It was the perfect distraction.

“I love grilled cheese,” my mom said.

We went into the kitchen.

And as I watched her take the bread

and the cheese

and the butter

out of the refrigerator

I decided

that I never wanted to see

another fancy scarf

again.

The next Sunday,

as my mom was leaving to visit her aunt,

my dad came into my room.

“Guess who I just saw in the lobby?” he asked.

He looked very happy.

I couldn't think of a neighbor

who would make him so happy.

So I said,

“Jorge Posada?”

Jorge Posada is a New York Yankees baseball player.

My dad loves Jorge Posada.

My dad laughed.

“It wasn't Jorge,” he said.

“Then who?” I asked.

“Agnes,” he said.

“From the apartment upstairs.

She was there with her mom.

I invited her to come play with you.

And she's coming!”

My mouth dropped open

and I sat straight up

and I started shaking my hands at my dad.

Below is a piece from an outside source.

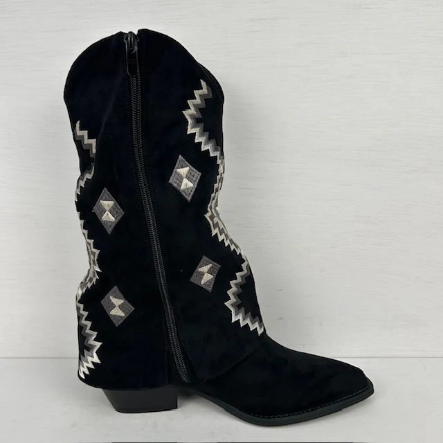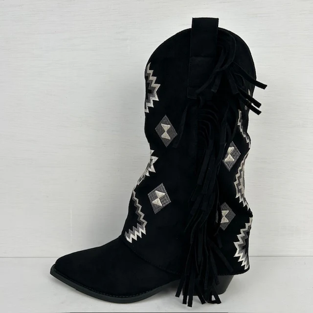Supergave suèdine cowboylaarzen! De laarzen hebben een leuke trendy flap met leuke details en franjes. Ze vallen op maat en hebben een ritsje aan de binnenkant voor de eenvoudige instap.
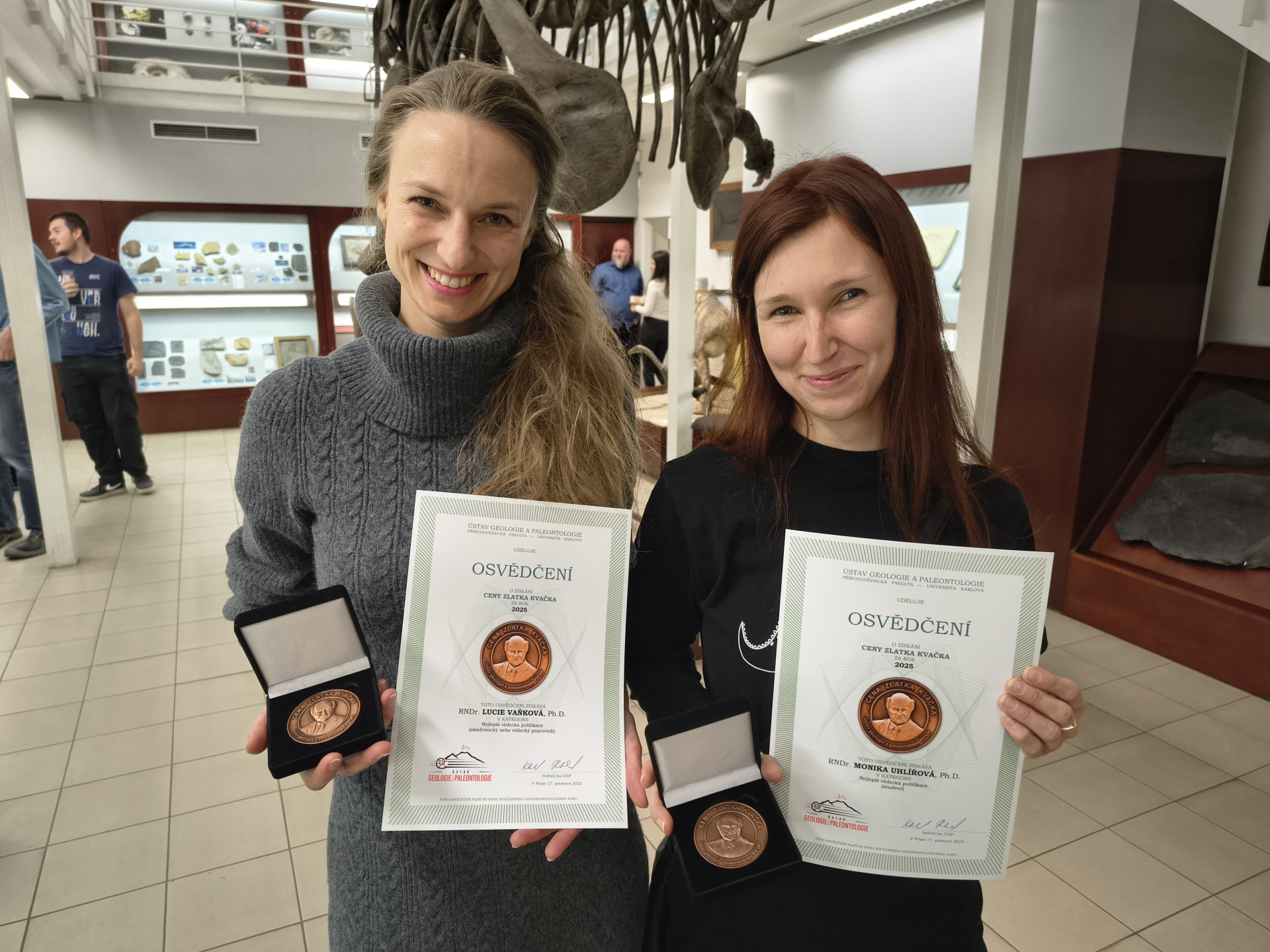 Researchers of the Institute of Geology Lucie Vaňková and Monika Uhlířová became laureates of the Zlatko Kvaček Prize of the Institute of Geology and Palaeontology, Faculty of Science, Charles University, in December. This annual award recognises the best scientific publications in the fields of palaeobiology, palaeoclimatology, palaeoceanology and geobiology. Lucie Vaňková received the prize in the academic staff category and Monika Uhlířová in the PhD student category. The awarded studies provide new insights into environmental change across the Jurassic–Cretaceous transition and into early Silurian land plants. We wish to congratulate both laureates. Awarded publications: Vaňková, L. et al.: Macrofauna and stable isotope record of the Jurassic‒Cretaceous transition at the Dedina section (Golubac, eastern Serbia); Uhlířová, M. et al.: An early land plant with coiled fertile tips from the upper Silurian (Přídolí) of the Barrandian area (Czech Republic).

“I don't like Agnes from upstairs!” I said.

“You don't?” he said.

He didn't look happy anymore.

“No!” I said.

“I don't!”

Agnes from upstairs is scary.

She never talks to me.

Or smiles.

And one time,

in the lobby,

near the doorman's desk,

she jumped on her brother

and they both fell on my feet

and I tripped over them

and landed hard on my arm.

Bibi was there.

She helped us up

and fussed at them.

“You see all these people,” she said,

wagging her finger at them.

“You can't be so wild.”

Then she brought Agnes and her brother to their dad

and took me upstairs

and put ice in a bag

and laid a towel on my arm

and held the ice

on the towel

on my arm

for a good long time.

I liked sitting there,

with Bibi holding ice on my arm.

So I never told her

that before she even started

my arm was feeling fine.

I said to my dad,

“I don't want to play with Agnes.”

“But your friend Pearl is away,”

he said.

“So many of your friends are away.

And I want you to have fun.

Summer is supposed to be fun.”

“Agnes is not fun,” I said.

“Oh dear,” my dad said. “I'm not sure what to do.”

He looked worried.

“Call her mom,” I said.

“Tell them not to come.”

“But Agnes might feel very hurt,” my dad said.

I glared at him.

He still looked worried.

Finally I said,

“If Agnes is coming over,

you have to stay with me.

The
whole
time.”

“I will,” he said. “I promise.”

A little while later the doorbell rang.

Agnes was there with her mom.

“We should do this all the time!”

her mom said.

Agnes didn't say anything.

I didn't say anything.

“Come in!”

my dad said.

“Come in!”

So Agnes came in.

“I'm right upstairs if you need me!”

her mom said.

Then she left.

“Have a seat, you two!”

my dad said.

“Have a seat!”

I pulled on his arm.

“Stop saying everything twice,”

I whispered.

“Oh!”

he whispered back.

“Sorry!”

We all sat down on the couch.

“Aren't you both eight?”

my dad asked.

“No!” I said.

Agnes still didn't say anything.

“She's nine,” I said.

“So you've already been through third grade!”

my dad said.

“How perfect!

Eleanor is starting third grade soon.

You can tell us all about it.”

He waited.

We both waited.

Finally Agnes said,

“It's okay.”

“Do you write any stories in third grade?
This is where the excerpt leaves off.